One of the book's central case studies is working memory. It contends that working memory is a natural kind, and that the natural kindhood of working memory can shed new light on the debate about the link between working memory and consciousness. Another core focus is consciousness in early life. The volume maintains that natural kinds are crucial for the question of when consciousness emerges in infancy. It uses the machinery of natural kinds to outline and defend a methodology for ascertaining when consciousness emerges in babies and infants.

Finally, the book explores the link between natural kindhood and conceptual reform in psychology. It argues that psychological concepts that fail to refer to a natural kind ought to be eliminated from psychology.

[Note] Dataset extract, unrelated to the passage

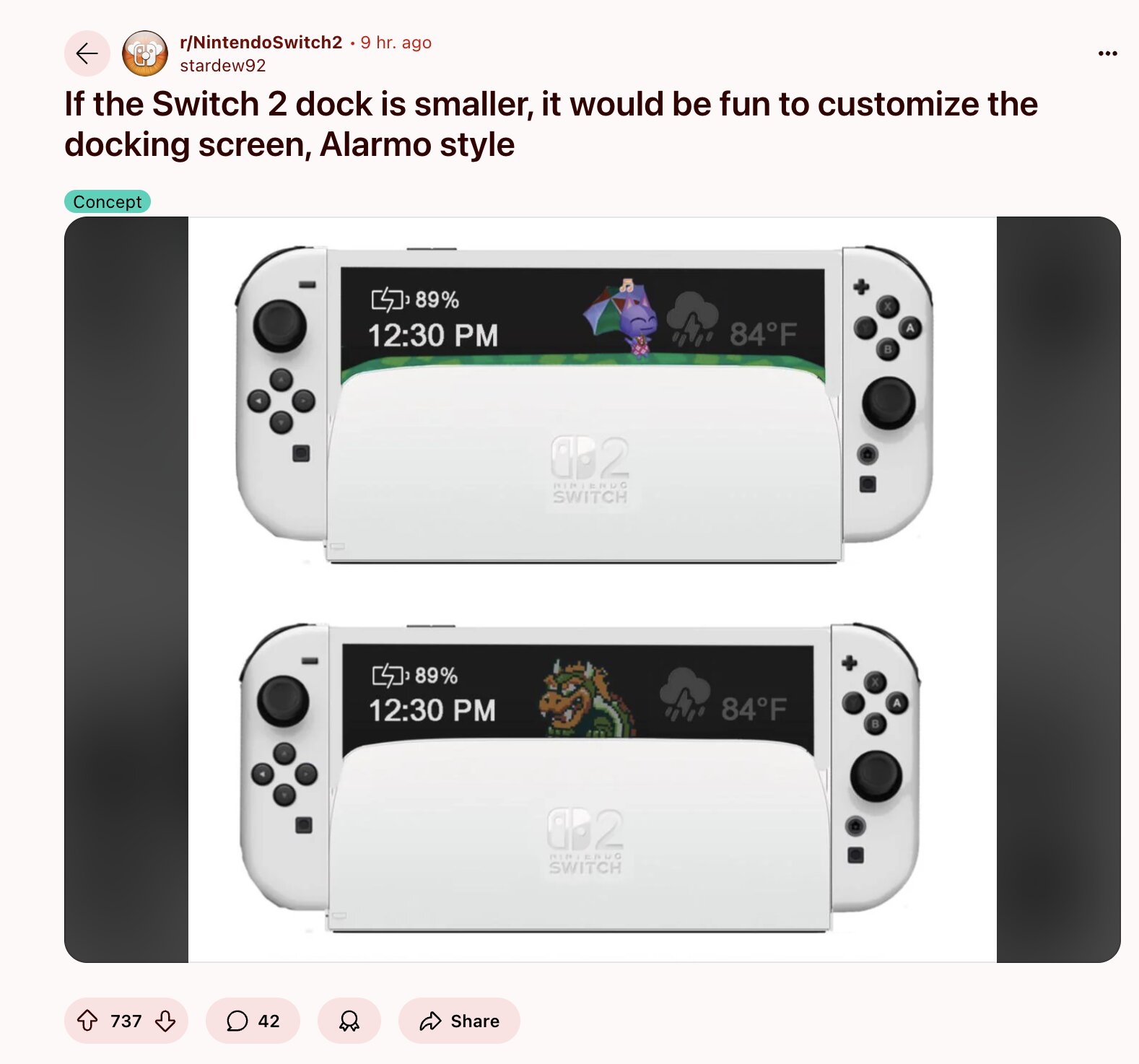Поклонник данной консоли после ряда слухов от различного рода инсайдеров предположил, что Nintendo захочет изменить дизайн док-станции, чтобы в стационарном формате треть экрана консоли можно было использовать для различных бытовых задач.

Henry Taylor is an Associate Professor of Philosophy at the University of Birmingham. He obtained his PhD from the University of Durham in 2015 and he was a Leverhulme Early Career Fellow at the University of Cambridge from 2015 to 2017. He has broad research interests, particularly in the philosophy of psychology, metaphysics, and the philosophy of technology. He is especially interested in attention, consciousness, natural kinds, powers, and robotics.